January 24th, 2003 --
Yeah, so I got a case of Food Poisoning somehow last weekend. That was a mess. As far as I can tell, I've
narrowed the culprit down to some bad beef, picked up THAT DAY and cooked to perfection in my Taco Salad. Thing is,
I just bought the meat not 2 hours before I cooked it. It tasted fine at the time. Several hours later, the beef
made a return visit that wasn't as tasty. Being awakened at 5:20 AM with slight stomach pain is one thing. You
can get over that. However, being awakened at 5:20 AM, with the urge to puke up your intestines, that's not so easy
to forget. And it wasn't as though it was just a little puke. There was BUCKETS of the stuff. Where the
Hell did it all come from? I didn't eat THAT much. And why did it look like chopped carrots? I haven't had
carrots in months!! At times, there was so much of it going out, that a portion took a detour and shot out of my
nose. And let me tell ya, puke is not a fun thing to clean out of your facial hair.
So after all that fun, I decided to go back to bed for a little while, and wouldn't you know it, as soon as I get the covers
on, the remainder of my stomach contents decided that THEY needed to come out too, but they were taking the South Exit.
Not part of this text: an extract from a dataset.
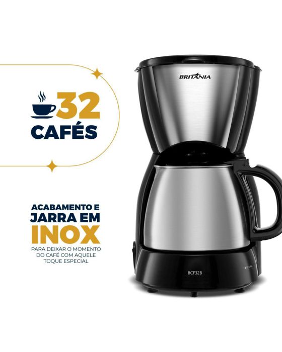 Cafeteira Eletrica 32 Xicaras Bcf32b Jarra Inox 220v Britania
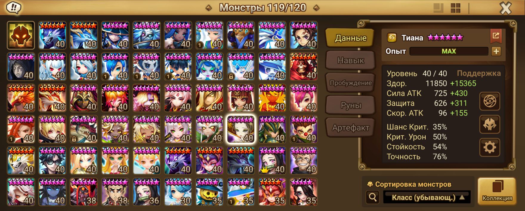 Количество монстров и 6* (указаны в описании)

I never knew before that day that you could PHYSICALLY urinate out of your ass. It was really the most disgusting
thing ever. And the fucker stayed with me too. I went to work and lasted about 3 hours. Kelly, bless her heart,
brought be so NASTY "Peptic Bismo" and some Immodium, and the boss told me to go home and sleep it off. I'll
tell you, when I got home, sleep I did. I spent most of the day in a near comatose state, shivering and overheating
at the same time, and holding my stomach occationally. I must have been a very pathetic sight.
Two days later, I had a slight relapse with the puking and pooping, but thankfully it wasn't quite as bad. I
think that in view of all this, I'm just gonna put a ban on all beef related food. It's for the best.
Maybe it's the cows doing it. Maybe they're pissed off that we've been eating them, and making them into Baseball Gloves
all these years. It's Bovine Revenge!! And soon, they will rise up against us, and remake the world in their image...
using us for meat and clothing... Damn dirty Cows.... Damn you all to Hell !!